Tagesseminar mit Professor Dr. Sommerfeld-Stur zum Thema:

Bekämpfung von Erbschäden und Qualzucht

am 10. November 2013 in Düsseldorf

 

Um die Teilnehmer an das Thema heran zu führen, bildete die Einführung von Frau Sommerfeld-Stur einen knappen und prägnanten Exkurs in die Genetik, auf welche eine Darstellung der unterschiedlichen Methoden der Erbfehlerbegranzung folgte.

Ihr Fazit aus diesen unterschiedlichen Methoden ist jedoch, daß in der Rassehundezucht mit ihren weit über 750 bekannten Erkrankungen eine Zucht von gesunden Hunden nicht mehr möglich ist. Deshalb liegt der sinnvollste Weg darin begründet, alle bekannten Erkrankungen einer Rasse methodisch zu sammeln und aufzulisten, um anhand dieser Daten feststellen zu können, welche Krankheiten primär bekämpft werden müssen. Dies sind in der Regel solche Erkrankungen, welche für die betroffenen Tiere und ihre Halter sowohl in pyhsischer als auch in psychischer Hinsicht am meisten Leiden verursachen, und erst danach werden Erbkrankheiten bekämpft, welche dem Tier kaum bis wenig Schmerzen zufügen oder leicht therapierbar sind.

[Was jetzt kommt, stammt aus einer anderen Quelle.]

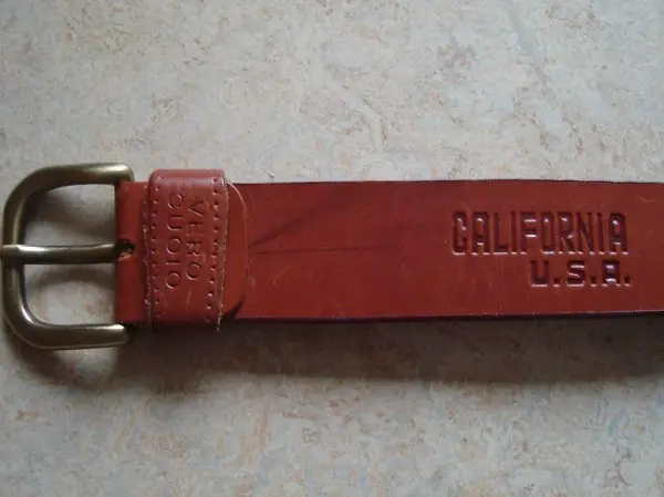 Cooler absolut neuwertiger Gürtel mit goldfarbiger Schnalle. Einprägungen gemäss Fotos. Länge 86 cm, Breite 3,3 cm, Dicke 3mm. Für eher schlanke Leute, Maximum 75 cm.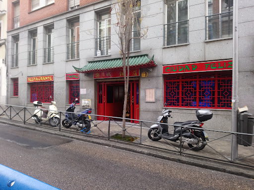 En la calle Fernández de los Ríos nos encontramos con uno de los restaurantes más antiguos del barrio de Chamberi: CIUDAD FELIZ. El decorado de este restaurante es lujoso, con mesas vestidas en manteleria vino tinto en su fondo y blanco en su superficie. La sillería vestida, combina con las mismas telas de los manteles. El suelo es de madera clara, que armoniza en sus colores con las paredes tapizadas en rosa. También encontramos basamentos en madera talladas y adornadas con claraboyas doradas en dichas paredes. Los techos están pintados en blanco con bóvedas pintadas con motivos decorativos chinos tradicionales muy llamativos. Con este suntuoso y elegante ambiente, hemos pedido ROLLITO DE PRIMAVERA, con su REPOLLO, ZANAHORIA, TERNERA Y LECHUGA. La propuesta ha estado bien a la altura. Seguidamente, una SOPA DE FIDEOS CHINOS CON TSA-CHAI (PICANTE)... con una base de caldo de pollo espesado generosamente con HARINA DE ARROZ y ADEREZADO CON SALSA DE OSTRAS, GLUTAMATO, NABO CHINO Y PIMIENTA BLANCA en buena proporción, lo cual hace de esta sopa una propuesta interesante.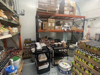 There is a Kitchen area (+/- 216 s.f.) for assembling of prepared foods. This room contains 4 refrigerators, 3 compartment sink, 2 handsinks and counters. There is no hood system. There is a large walk-in cooler (+/- 400 s.f.) for storage of kegs and other beverages.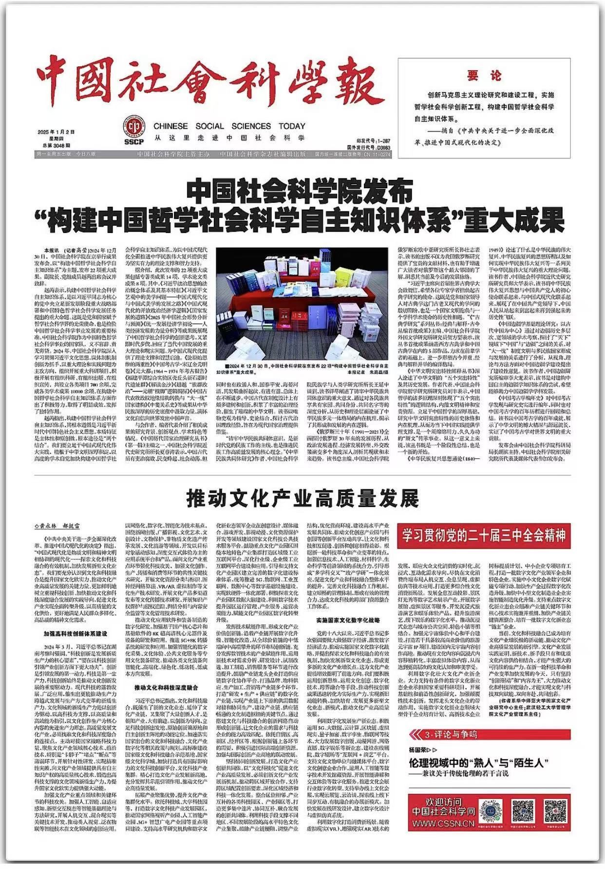 2025年1月2日,中心黄永林教授和武汉轻工大学郝挺雷副教授撰写的《推动文化产业高质量发展》理论文章在《中国社会科学报》新年第一期第一版发表。

Hier spricht man von dem "Krankheitswert", welcher eine Erkrankung für ein betroffenes Tier darstellt und abhängig vom der Höhe des Krankheitswertes fliessen die Daten in ein darauf ausgerichtetes Zuchtprogramm ein.

Liegt für die nach dem Krankheitswert festgestellte und züchterisch zu bekämpfende Erkrankung ein Gentest vor, kann die Erkrankung erfolgreich bekämpft werden.

Ist dies nicht der Fall, so sollte von den Zuchtverantwortlichen die Voraussetzung zur Entwicklung der relevanten entsprechenden Gentest´s geschaffen werden, denn nur über effektive und neueste Zuchtmethoden ist eine erfolgversprechende Bekämpfung von Erbkrankheiten überhaupt möglich.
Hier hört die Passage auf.